Grund für diesen Schritt seien zu befürchtende massive Honorareinbrüche, nachdem die bisherigen Strukturvertragshonorare für die zeitaufwendige Behandlung besonders schwer psychiatrisch Kranker und bei Schlaganfall-Patienten von den Krankenkassen gestrichen wurden, erklärte Carl.

Mit den zur Verfügung stehenden Honoraren sei nur noch eine sehr eingeschränkte Versorgung von Patienten mit schweren Hirnerkrankungen wie Multiple Sklerose, Depression, Parkinson, Schizophrenie, Epilepsie, Demenz oder Schlaganfall möglich, sagte Carl bei der Vertreterversammlung der KV Bayerns (KVB).

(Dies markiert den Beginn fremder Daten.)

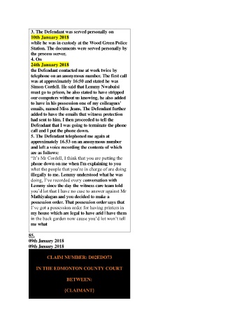 5. The Defendant telephoned me again at

Nach seinen Angaben erhalten Neurologen und Psychiater für die fachärztliche Untersuchung, den gesamten organisatorischen Aufwand der Praxis, kurze Gespräche, Spritzen, Blutentnahmen, Arzneimittelverordnung und alle kleineren medizinischen Versorgungen künftig eine Grundpauschale von insgesamt 19,43 Euro je Patient. Für ein zehn bis 20minütiges psychiatrisches Behandlungsgespräch würden 13,48 Euro bezahlt. Der Preis für eine Hirnstrommessung betrage 24,85 Euro.

In diesen Beträgen seien nicht nur das Einkommen des Arztes enthalten, sondern auch die gesamten Kosten einer Praxis, das Gehalt des Personals, die Gerätekosten, die Miete für Praxisräume und die Investitionsrücklagen.